A mezzanotte è stato dato fuoco alla catasta di legna, al fantoccio e allo striscione. Il macabro “spettacolo” è stato applaudito da una piccola folla di persone.

L’episodio è avvenuto nel quartiere Aranciata Faito. In contemporanea al falò è partita una batteria di fuochi d’artificio udibili anche dai quartieri circostanti.
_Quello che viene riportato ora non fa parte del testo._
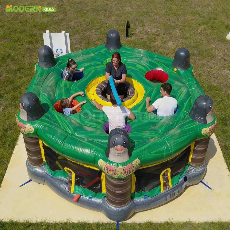 Structure gonflable commerciale de type jeu de frappeur de taupes humain, pièce maîtresse de parc gonflable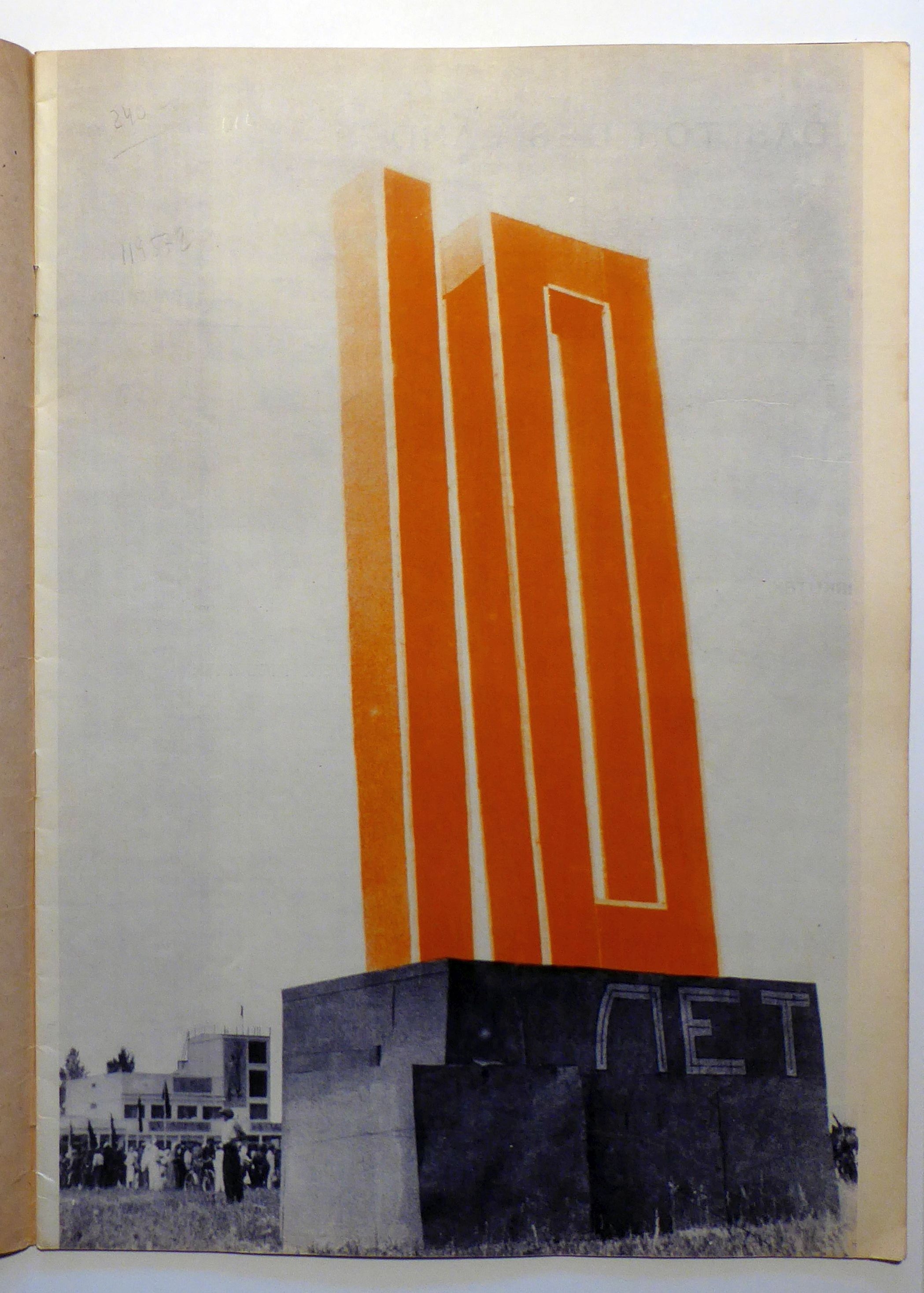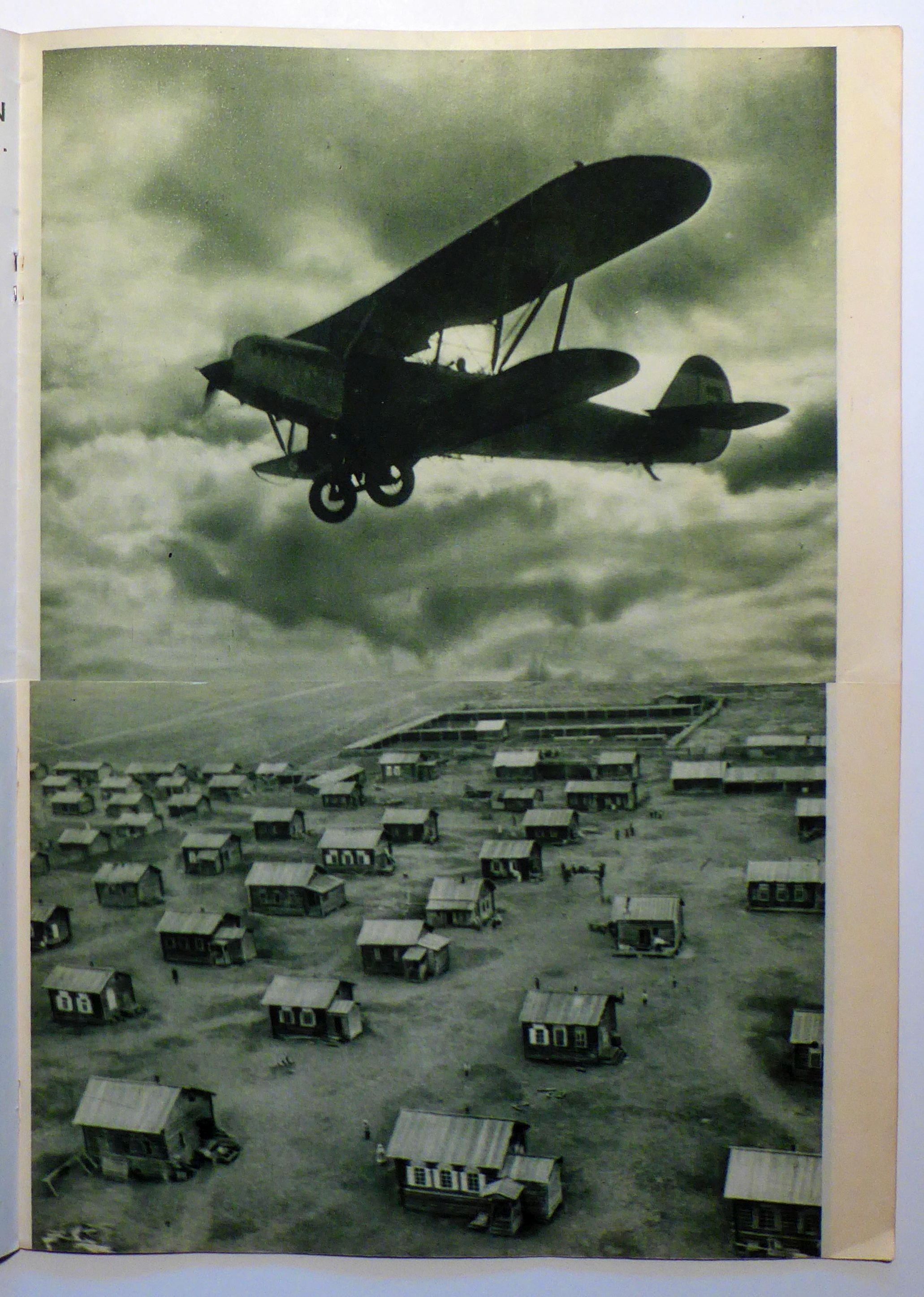 Das Heft ist dem zehnjährigen Jubiläum Burjat-Mongoliens gewidmet. Montage von I. Urasow. Übersetzung von A. Grossmann, Die mittleren 4 Blätter nur halb hoch, sie zeigen sozursagen die Sicht aus den Flugzeugen, die oben auf den Seiten vorher und nachher abgebildet sind. Die Monatsschrift «USSR im Bau» erschien in vier Sprachen (deutsch, französisch, englisch, spanisch) von 1930 bis 1941 und noch einmal 1949, in vier Sprachen (deutsch, französisch, englisch, spanisch). Zum Redaktionskollegium der von Maxim Gorkij gegründeten Zeitschrift gehörten unter anderen Georgij Pjatakov und Michail Kol’cov, einzelne Nummern erschienen unter der Leitung von Aleksandr Rodčenko oder El’ Lisickij. Viele Nummern wurden von Nikolaj Stepanovič Trošin gestaltet. Hauptsächliches Gestaltungsmerkmal war die Fotomontage, mit Beiträgen von Fotografen wie Maks Al’pert, einem der Begründer der Fotoreportage, Arkadij Šajchet und anderen. Jedes Heft war einem bestimmten Thema gewidmet
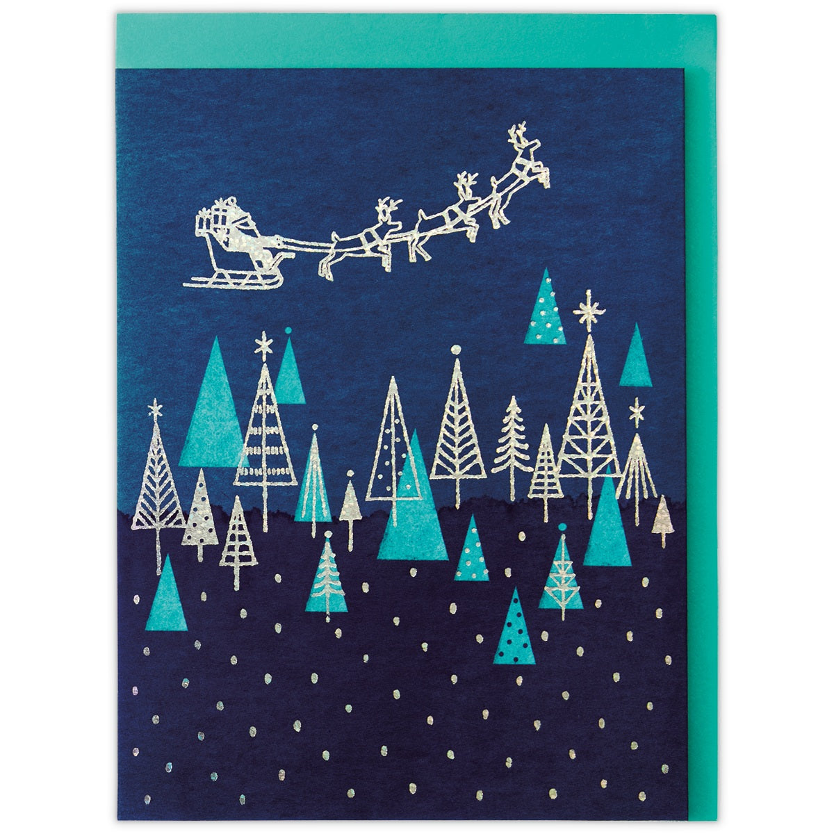 ホログラム箔 空を飛ぶサンタ【二つ折りクリスマスカード】

Il macabro “spettacolo” è stato applaudito da molte persone radunate davanti alle palazzine dove si concentra il più alto numero di fiancheggiatori del clan D’Alessandro.

Il rione è considerato una vera e propria centrale dello spaccio di droga e uno dei ‘santuari’ del malaffare dell’area stabiese.

“Le immagini del falò della camorra a Castellammare, nel rione Savorito, sono un insulto alle vittime innocenti dei clan, allo Stato e alle Istituzioni tutte, alle donne e agli uomini delle forze dell’ordine e a tutte le persone oneste di quella città”. Lo ha dichiarato il consigliere regionale dei Verdi, Francesco Emilio Borrelli.

“Siamo al paradosso – prosegue Borrelli. La camorra viene addirittura enfatizzata nel corso di una festa tradizionale religiosa come quella dell’Immacolata. Nonostante il divieto del Comune sono stati accesi in diversi quartieri i cosiddetti “fucaracchi”.

Su quello del rione Savorito campeggiava uno striscione enorme con la scritta “così devono morire i pentiti, abbruciati”.

Un episodio inquietante, una vera e propria sfida allo Stato. Spero che le forze dell’ordine e la magistratura vadano a bussare al più presto alla porta degli autori di questo gesto vomitevole.

E’ inaccettabile che la camorra possa consentirsi comportamenti sempre più arroganti e violenti anche in manifestazioni pubbliche. Lo Stato faccia sentire la sua presenza in questi rioni”.(ANSA)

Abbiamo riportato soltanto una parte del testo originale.